Florida Commissioner of Agriculture and Consumer Services Adam Putnam was front and center at Monday’s meeting of the Senate Communications, Energy and Public Utilities Committee.
“We think that this is a good beginning for you to chew on and mull over as you deliberate the potential energy package for this session.”
As things stand now, Putnam is state government’s top point man when it comes to such things. That’s because last year, the legislature put Florida’s Energy Office in the Department of Agriculture and Consumer Services.
“The first task was to sort out the pile of coat hangers that is the Solar Rebate Program. And within 100 days the Energy Office had done that and those checks were issued to customers who had invested in that technology and they got back roughly half of what had been contemplated at one point for that program.”
Putnam says that program and federal stimulus incentives for renewable energy totaled some two-hundred million dollars. Auditors are still trying to figure out how much of that money went where it was supposed to. But that’s the past, Putnam says. The big issue now, he told committee members, is to diversify Florida’s power production portfolio.
“It’s about 51 now, within a decade statewide it’ll be about 56. If you look within utilities, it could be as high as 70-percent dependence on a single fuel source.”
Which is natural gas. It’s cheap now, but Putnam cautions that can change in a hurry. So he’d like at least some of the existing incentives for utilities to bring more renewable energy online stay in place, as well as some new ones.
“One recommendation is to require the P.S.C. to place a value on diversity and consider that diversity during need-determination proceedings. We believe that by placing that value on diversity we can improve the opportunity to strengthen our energy security and reduce our dependence on a single source.”
Putnam says, because of this and other factors, he’s confident the state’s investor-owned utilities will be eager to voluntarily make more of their electricity from things other than fossil fuels or nuclear power. As a result, he says the state can drop the old mandate pushed by Charlie Crist to require utilities produce at least twenty percent of their power from renewable by the year 2020.
“That’s something that the legislature had put into statute several years ago. No action has been taken. We propose to remove it from the books.”
Putnam says utilities wouldn’t have to worry about making huge upfront investments to go renewable…
“They would be able, if they so choose, to do one-percent or 75-megawatts, have some recovery when it is determined that that investment is in the public interest and that there is some economic limitation on that reduces and protects the interest of the rate payer in making those decisions.”
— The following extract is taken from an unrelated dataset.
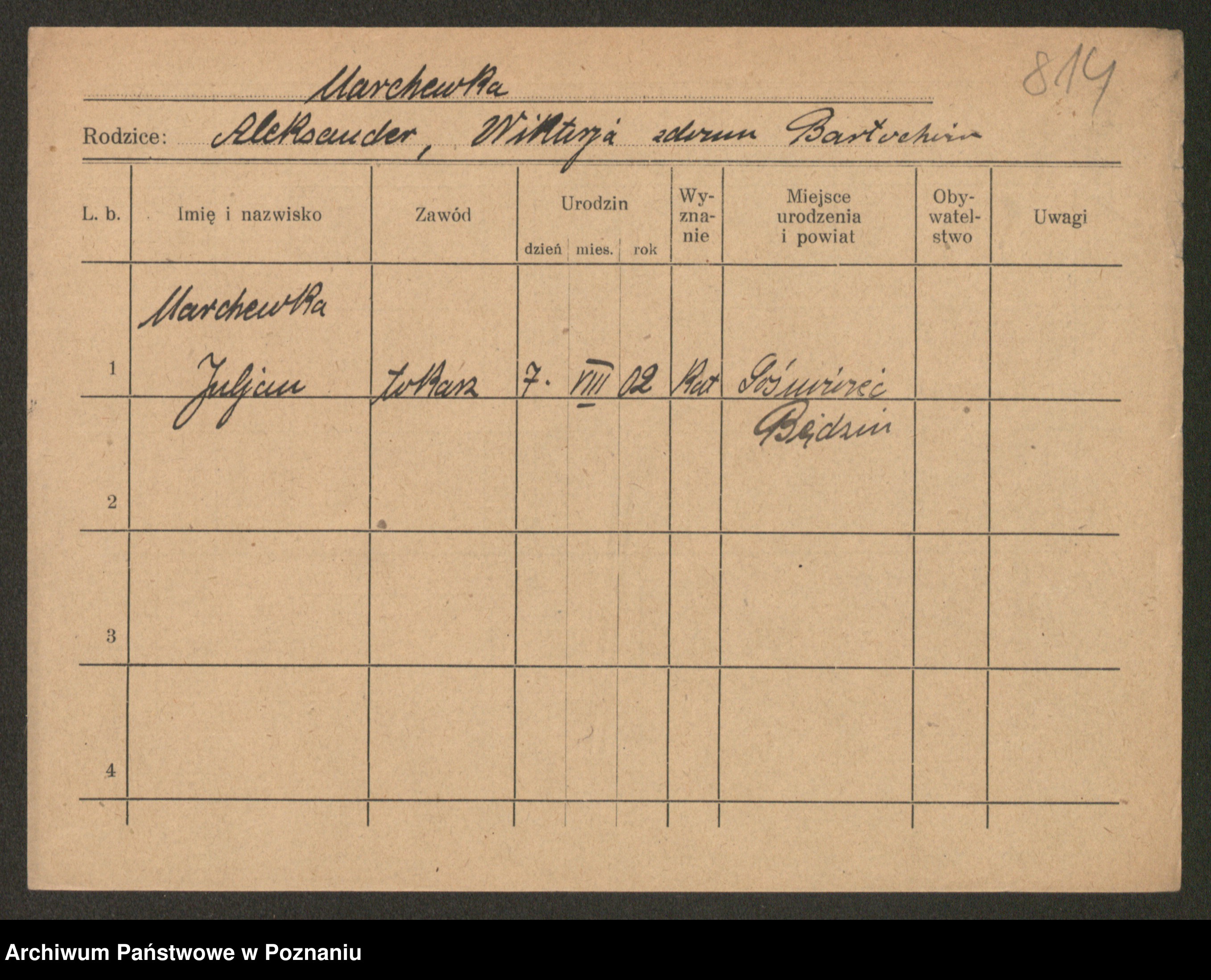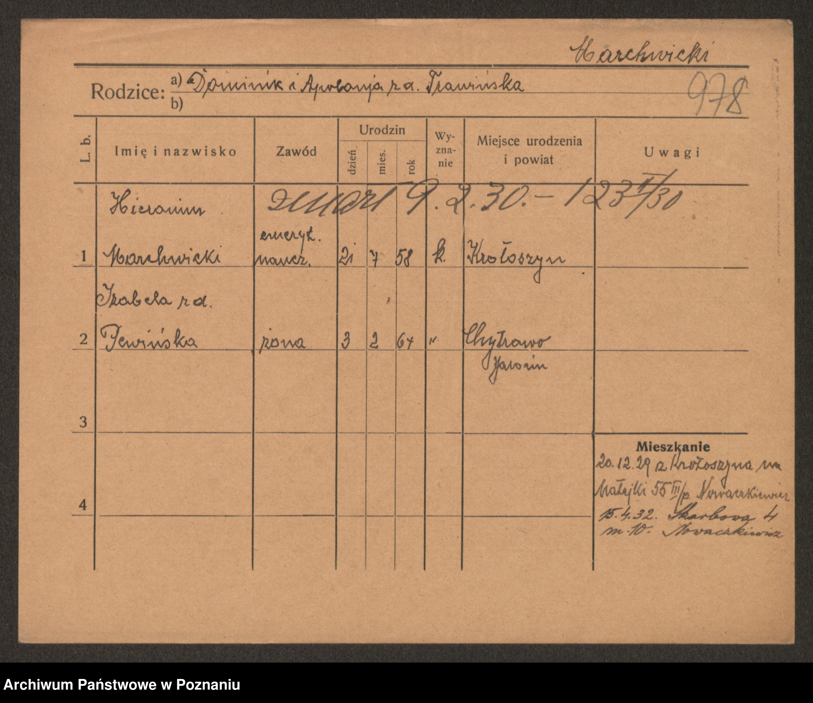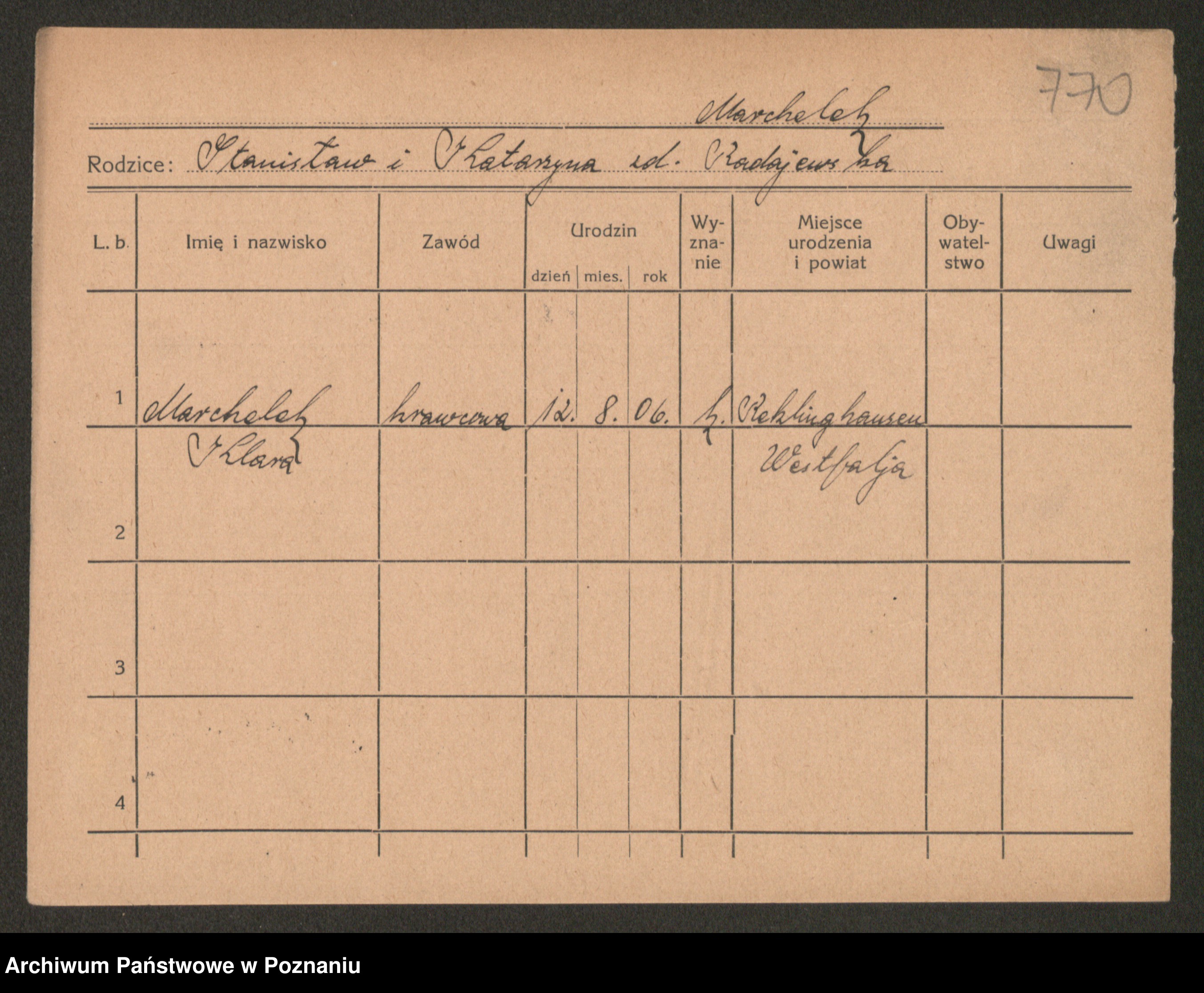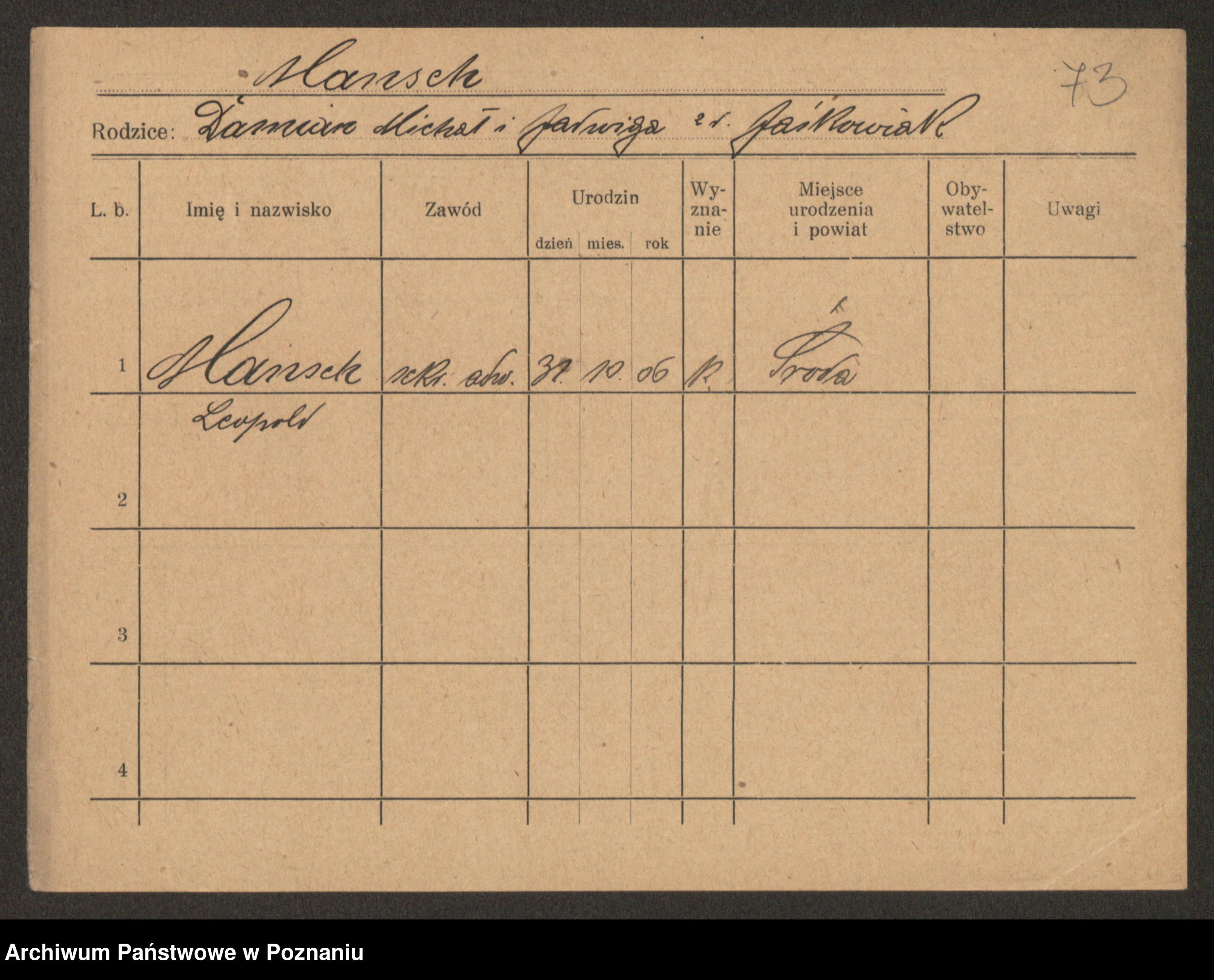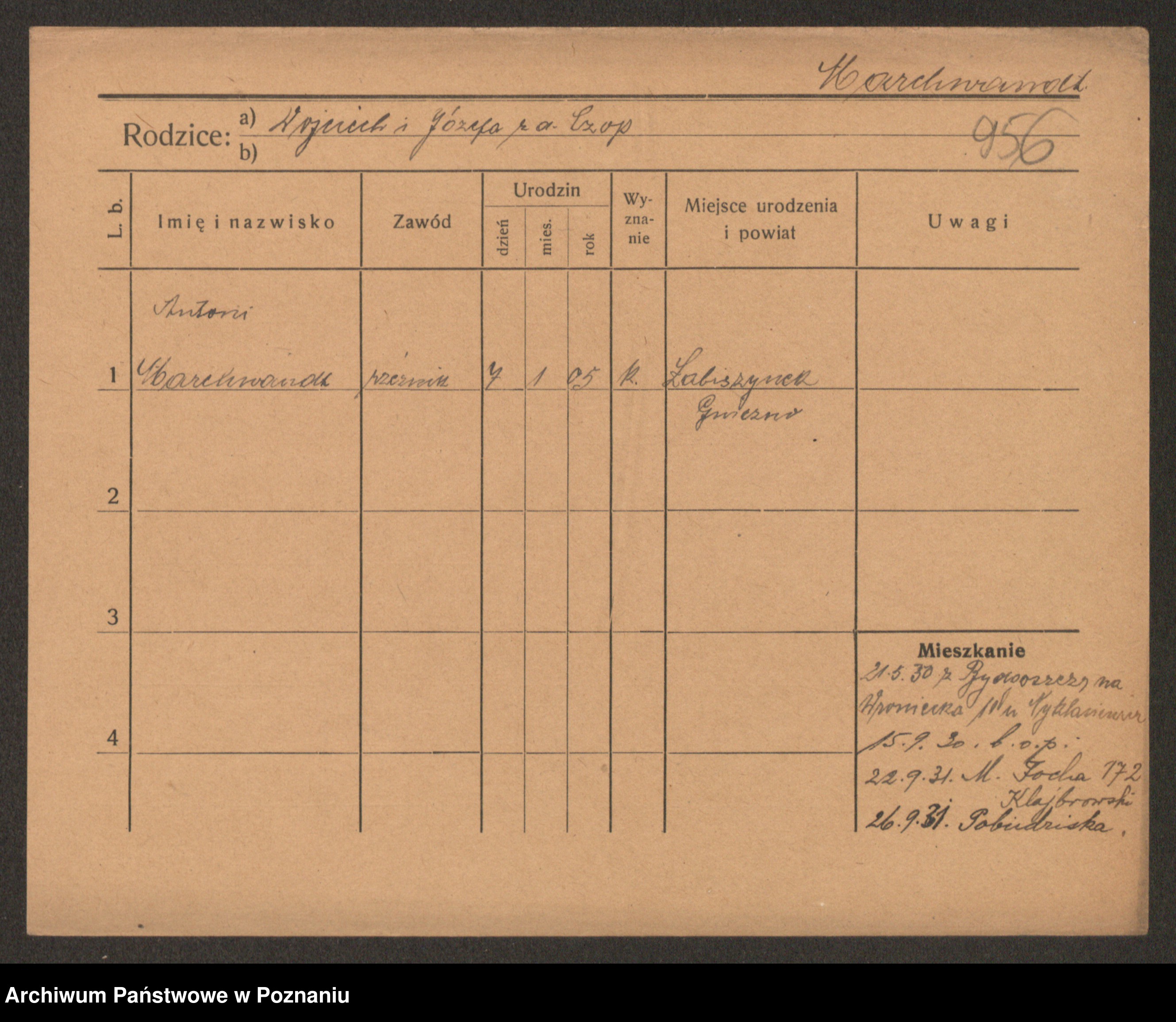 Podgląd karty osobowej dostępny jest po kliknięciu na nazwisko lub ikonkę karty. Można dokonywać powiększenia (ikony na górze) lub przechodzić między kolejnymi skanami (strzałki po bokach).

Putnam’s suggestions seemed to find favor among most committee members. Melbourne Republican Thad Altman hoped the state’s energy future would have a place for non-utility power producers.
“I love our big energy producers. They provide a very important service and they do so very efficiently, but I don’t love them enough to support monopolies. I’m an American. I believe in free enterprise and competition.”
After the committee meeting, Putnam said he was encouraged by the members’ positive response. He told reporters he was confident they’d come up with bills supporting his suggestions.
“It’s an incentive piece that doesn’t pick winners and losers, it’s less regulation and it’s pushing the P.S.C. towards a more balanced portfolio of sources of our energy in Florida.”
While at the same time removing a renewable energy mandate that Florida’s investor-owned utilities couldn’t wait to be rid of.